Scripts used in our paper about genetic exchanges in Listeria's MGE.
Only scripts used on the local dataset are provided, as the method is the same one on the global dataset.
Please cite "Genetic exchange networks bridge mobile DNA vehicles in the bacterial pathogen Listeria monocytogenes" by by Muller et al. (2025)
Transposons were annotated with Bacant, in each assembly independently:
bacant -n assembly1.fa -o outputs_bacant_v3/assembly1/ -t 5 -p bacant-db-v3.1/ -d ResDB,IntegronDB,TransposonDB,repliconDB
#copy the output that sumarize everything, and add a colomn with the name of the assembly
awk -v var="assembly1" '{print $0, var}' OFS='\t' outputs_bacant_v3.1/assembly1/annotation.tsv > outputs_bacant_v3.1/assembly1/annotation_named.tsv
#Actually the output does not summarier everything: replicon in their on file
awk -v var="assembly1" '{print $0, var}' OFS='\t' outputs_bacant_v3.1/assembly1/replicon.tsv > outputs_bacant_v3.1/assembly1/replicon_named.tsv
#Once ran for all genomes, annotations were concatenated
cat outputs_bacant_v3.1/assembly1/annotation_named.tsv outputs_bacant_v3.1/assemblyN/annotation_named.tsv > outputs_bacant_v3.1/all_annotation_named.tsv
Then, we used the script extractTransposons.sh to get the table of transposons only (transposons.tsv), and the fasta of transposons (all_transposons.fasta)
Plasmids were annotated with the MOB-recon tool from the MOB-suite, in each assembly independently.
Phage were annotated in all assemblies at once with the pipeline phageAnnotation, available at https://github.com/HeloiseMuller/phageAnnotation
Two fasta of phage sequences were saved:
phages_filtered_3TuningRemoval.fawas filtered according to filters (i) and (ii) of the paper but not depending on the length.phages_filtered_5000bp_AND_3TuningRemoval.faare the same phage sequences as above, but only keeping those which are at least 5000bp long.

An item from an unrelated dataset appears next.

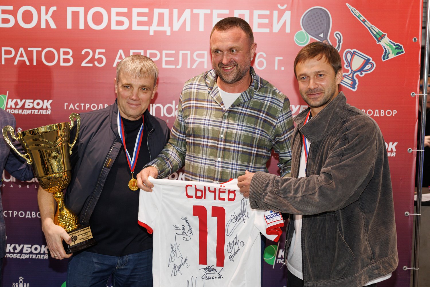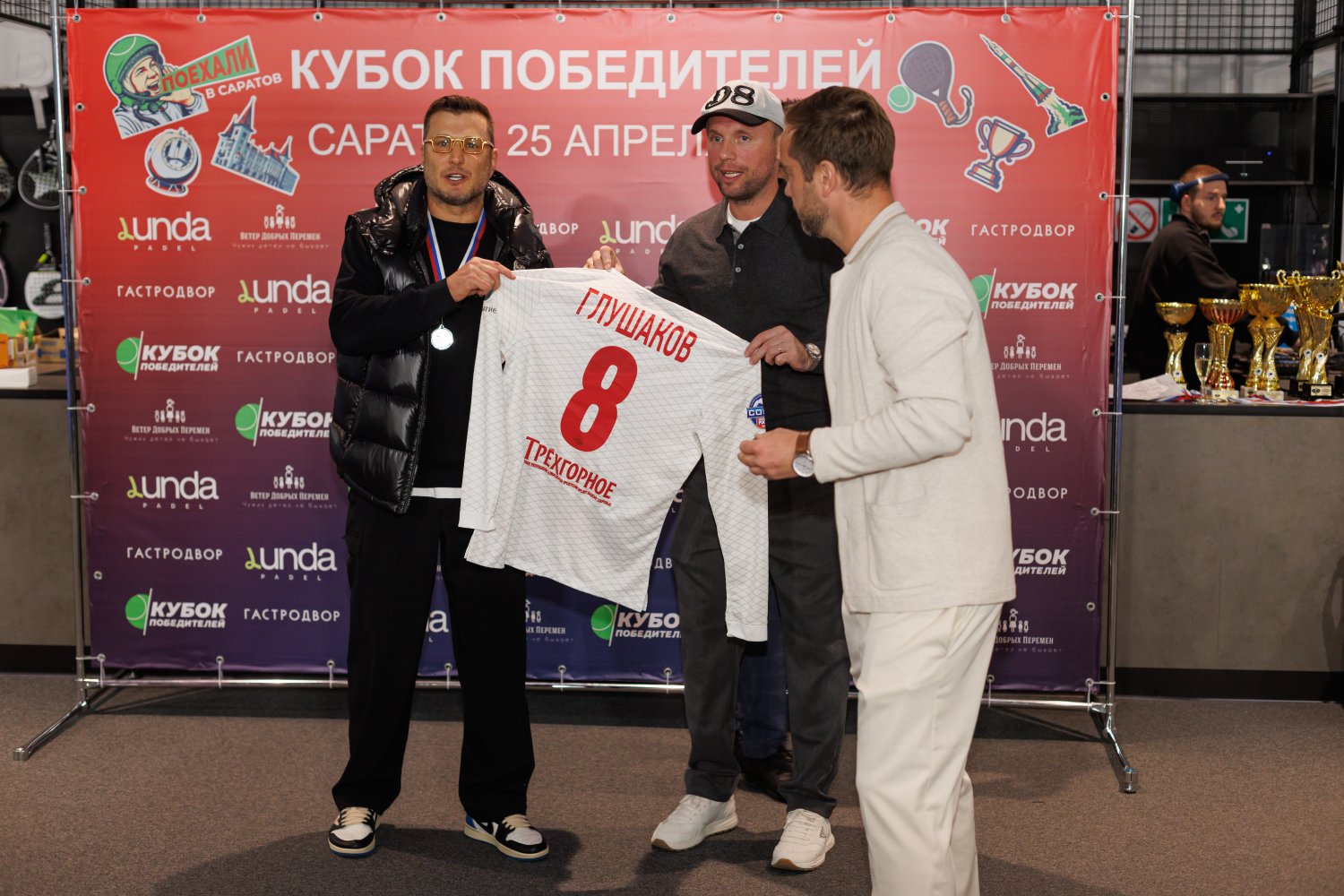 В минувшую субботу, 25 апреля, в Саратове состоялись «Чемпионат победителей» (по футболу) и «Кубок победителей» (по паделу), организованные фондом «Ветер перемен». Днём звёзды российского спорта сыграли на стадионе «Авангард» с юными футболистами. А вечером, разбившись на команды по два человека, сразились в турнире по паделу — популярному ракетному виду спорта.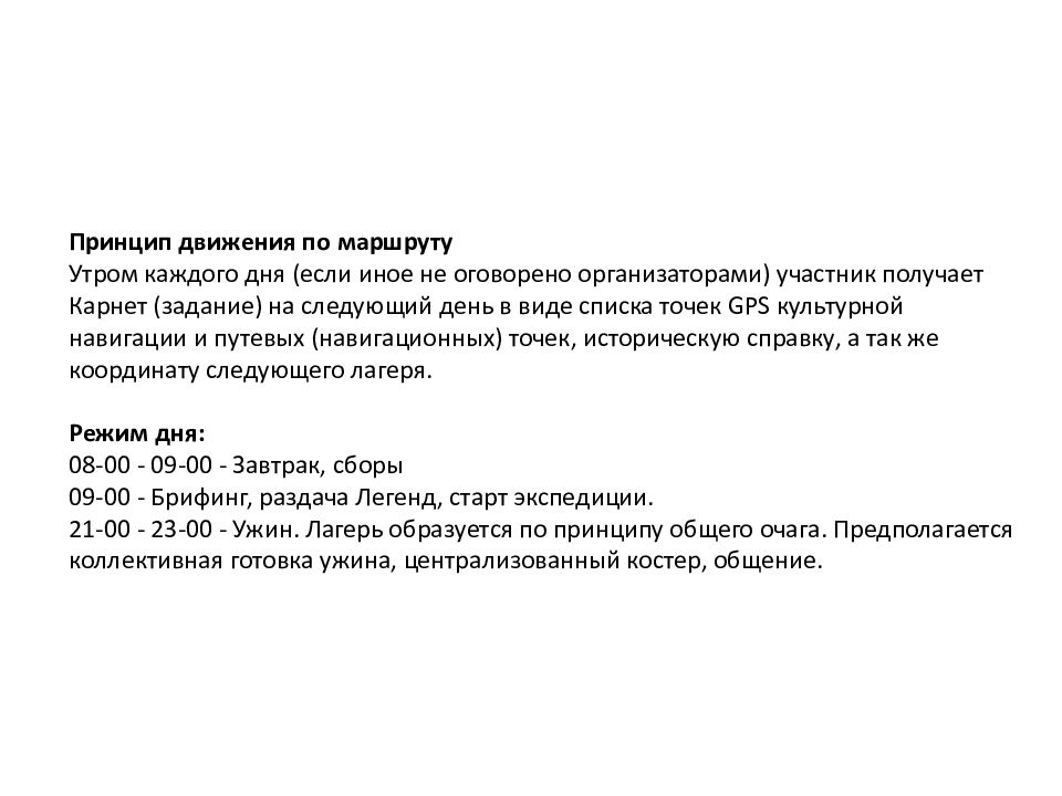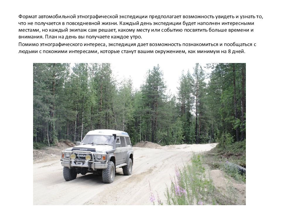 Формат автомобильной этнографической экспедиции предполагает возможность увидеть и узнать то, что не получается в повседневной жизни. Каждый день экспедиции будет наполнен интересными местами, но каждый экипаж сам решает, какому месту или событию посвятить больше времени и внимания. План на день вы получаете каждое утро. Помимо этнографического интереса, экспедиция дает возможность познакомиться и пообщаться с людьми с похожими интересами, которые станут вашим окружением, как минимум на 8 дней.

Finally, all annotations were put together in a same file:
cat transposons/all_transposons.fasta plasmids/all_plasmids.fasta phages/phages_filtered_3TuningRemoval.fa > all_MGE.fasta
We also calculated the length of each MGE and saved the file as all_MGE.length.
Genes were annotated with Prokka and AMRfinderplus
ListeriaEx_network.R finilizes the MGE annotation: it identifies PP elements and filter them out from the plasmid and phage annotations. It saves the final MGE annotation: all_MGE_filtered.tsv.
It also generates the network in Figure 5 and Figure S9 of the paper.
ListeriaEx_connectivity.R gives statistics on the network; it generates Figures S3 and S6 of the paper.
ListeriaEx_geneLocation.R figures out the location of each gene: are their in any MGE?
It also generates Figure 2 of the paper.
ListeriaEx_matrix.R generates the matrix of Figure 1 of the paper. It also generates Figure 4 with the same data.
ListeriaEx_defenseSystem.R generates Figure S1 of the paper.